Once a natural depression that was flooded during the monsoons, the area was converted into a permanent wetland and waterfowl refuge in the 18th century by the rulers of Bharatpur to provide game hunting, grazing for cattle and protecting Bharatpur from frequent floods. The very existence of the park, which dries up almost completely every summer, depends upon the release of water into the park from the Ajan bund, a reservoir constructed 250 years ago. The water in the reservoir, fed by the Banganga and Gambhir rivers, is regulated by a traditional system of canals and dykes.
The increasing droughts in the park since the '80s have been caused by uncontrolled use of the waters of Banganga and Gambhir rivers for irrigation. A proposal to bring additional water from the Chambal river should, therefore, be part of an integrated development programme for the area, Vijayan feels. She points out that wetlands like Koeladeo are "vulnerable because they are open systems influenced by activities from outside and also by the inadequacy of the support and participation of the local people".
Where the wetland management strategy could result in a catastrophic choking of the wetland, says Vijayan, is the ban on village buffaloes grazing inside the park. The park was meant to support neighbouring villages for whom the buffalo is the main economic support and who face a perennial scarcity of fodder. In the absence of cattle, the uncontrolled growth of vegetation has diminished the expanse of open water, making it an unsuitable habitat for waterfowl. Clearing the area by cutting, scraping and bulldozing have proved to be dismally inadequate, besides affecting the ecosystem adversely. Experts have recommended reintroducing a controlled number of cattle in the park.
Management or lack of it
Wetland ecosystem management is almost entirely absent in the case of the saline Sambhar Lake. Although honoured as a Ramsar Site in 1990, no environmentally-oriented study has been conducted on this forgotten wetland, located 60 km west of Jaipur. The WWF report on Sambhar is in fact the first of its kind. Not even the state government, comment authors Brij Gopal of Jawaharlal Nehru University in Delhi and K P Sharma of Jaipur University, is aware of the lake's importance to the area's ecosystem. It is regarded merely as a source of salt and not as rich ecosystem that needs to be conserved.
"There is no sustainable management strategy for the lake," says De Roy, even though this is urgently required with the growing human pressures in one of the few winter habitats of the flamingo. Already, small check-dams are being constructed all over the area. These could impede the flow of water, with its nutrients and organic matter, into the lake. While the production of salt itself has not affected the lake's ecosystem, the salt industry's efforts to suppress algal growth, the only food of the flamingos, is potentially threatening.

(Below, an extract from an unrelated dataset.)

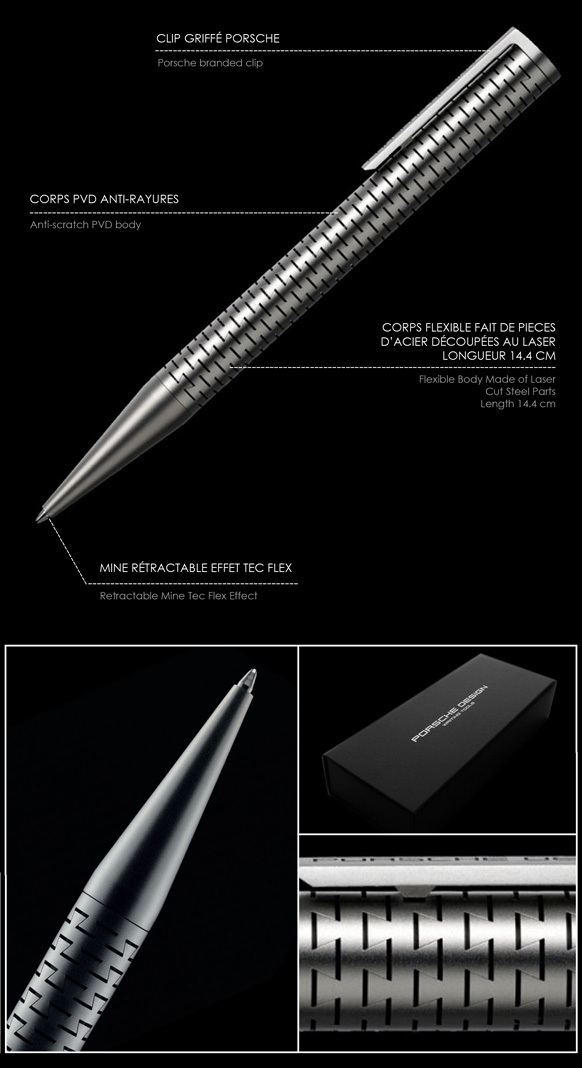 Stylo à bille Porsche Design - Laserflex acier P3115 Corps flexible fait de pièces en acier découpées au Laser Mine rétractable Effet Tec Flex Corps PVD anti-rayures - Longueur 14,4 cm Fabriqué en Allemagne Porsche Design 914416

The development strategies for conservation and sustainable utilisation suggested by the reports are applicable to all important wetlands, says De Roy. These include a shift in emphasis from the government's resource exploitative strategy to ecological rehabilitation; taking into account the area's entire drainage system rather than treating the wetland in isolation; avoiding gross physical modifications; and incorporating traditional management practices.